Bob Wright; I am in New Hampshire but was born and raised in Chattanooga. I went to Navy A school at NATTC Millington and met my wife in Memphis. She was from Dyersburg and was in college there. Fact of the matter is that we will be back in D-Burg in mid-July for her 46th High School reunion. I have many good friends in Tennessee and we plan to retire back south once we get "old". (We aren't yet) One of the forums I am hooked up with, "Smith Shooters Forum" is based in Knoxville. I had seen some of your posts on here and like the way you think. It shouldn't have surprised me that you were from the true God's Country.


----------



## teknoid

aryfrosty said:


> Bob Wright; I am in New Hampshire but was born and raised in Chattanooga. I went to Navy A school at NATTC Millington and met my wife in Memphis.
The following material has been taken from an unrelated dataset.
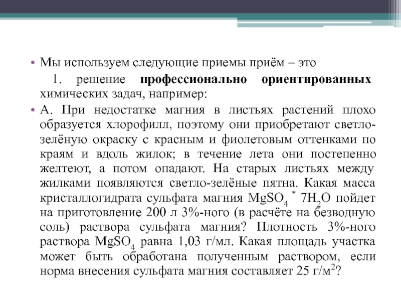 А. При недостатке магния в листьях растений плохо образуется хлорофилл, поэтому они приобретают светло-зелёную окраску с красным и фиолетовым оттенками по краям и вдоль жилок; в течение лета они постепенно желтеют, а потом опадают. На старых листьях между жилками появляются светло-зелёные пятна. Какая масса кристаллогидрата сульфата магния MgSO4 * 7H2O пойдет на приготовление 200 л 3%-ного (в расчёте на безводную соль) раствора сульфата магния? Плотность 3%-ного раствора MgSO4 равна 1,03 г/мл. Какая площадь участка может быть обработана полученным раствором, если норма внесения сульфата магния составляет 25 г/м2?
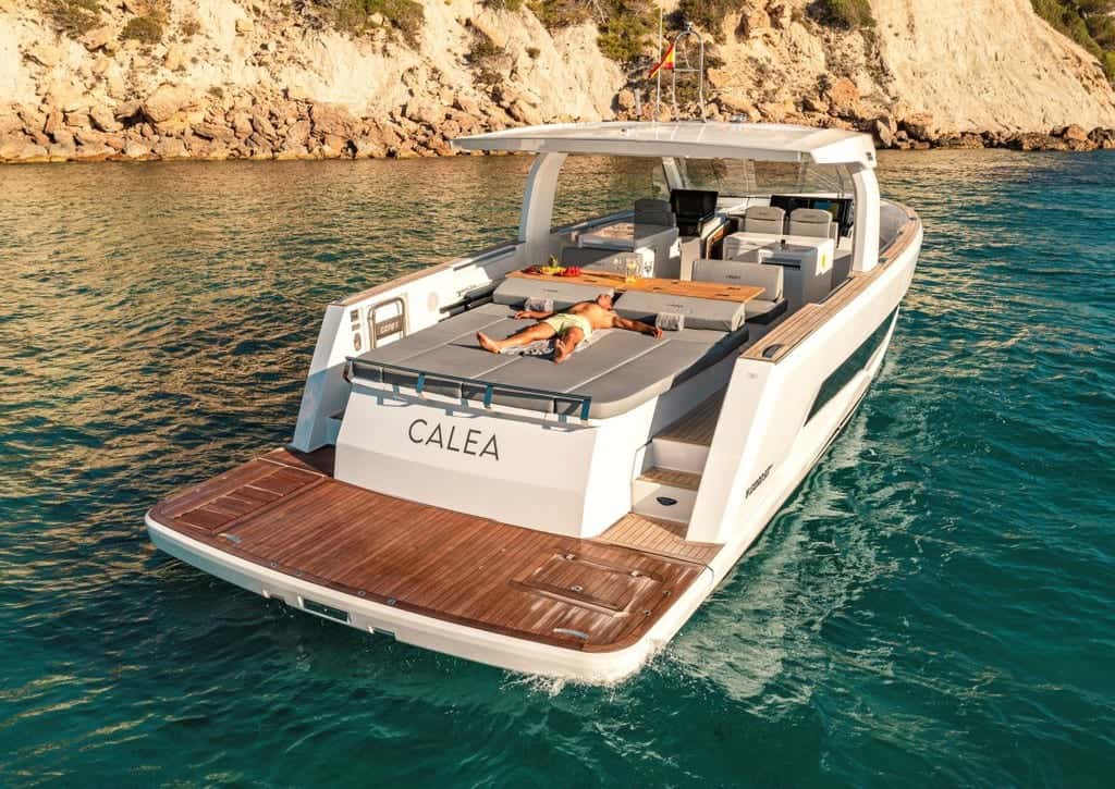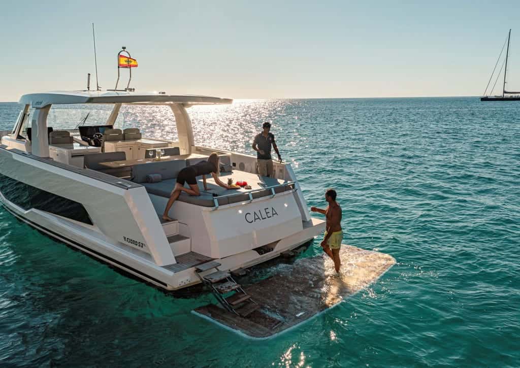 En el corazón de Ibiza, donde el azul del Mediterráneo invita a la aventura, el Fjord 53 XL despliega su elegancia en cada línea. Este open yacht de 16,7 metros de eslora, con su diseño innovador y minimalista, redefine el placer de navegar. A bordo, la amplitud se siente en cada rincón: desde los generosos soláriums en proa y popa, donde el sol acaricia la piel y el mar se convierte en el mejor de los escenarios, hasta la plataforma hidráulica que invita a zambullirse y dejarse abrazar por las aguas de Baleares.

She was from Dyersburg and was in college there. Fact of the matter is that we will be back in D-Burg in mid-July for her 46th High School reunion. I have many good friends in Tennessee and we plan to retire back south once we get "old". (We aren't yet) One of the forums I am hooked up with, "Smith Shooters Forum" is based in Knoxville. I had seen some of your posts on here and like the way you think. It shouldn't have surprised me that you were from the true God's Country.


I'm a bit north of the line and over the mountain (KY), but lived there for a while. That was when I also attended "A School" in Millington ('79). I don't think it's there anymore. Beautiful country on both sides of the tunnel.


----------



## Alaskan_Viking

js said:


> to late... Tenn. now resides in the south... :mrgreen:


What about Alaska; you're not gonna leave us with these damn Yankees are you?:smt022


----------



## Yaderp

Land of the Free and Home of the Brave.


----------



## Yaderp

Yaderp said:


> Land of the Free and Home of the Brave.


Except, of course, for our governor who vetoed a pro 2nd Amendment bill this week which he had guaranteed in writing to the NRA he would back. Based on his promise (now broken) the governor garnered the endorsement of the NRA in his last campaign.


----------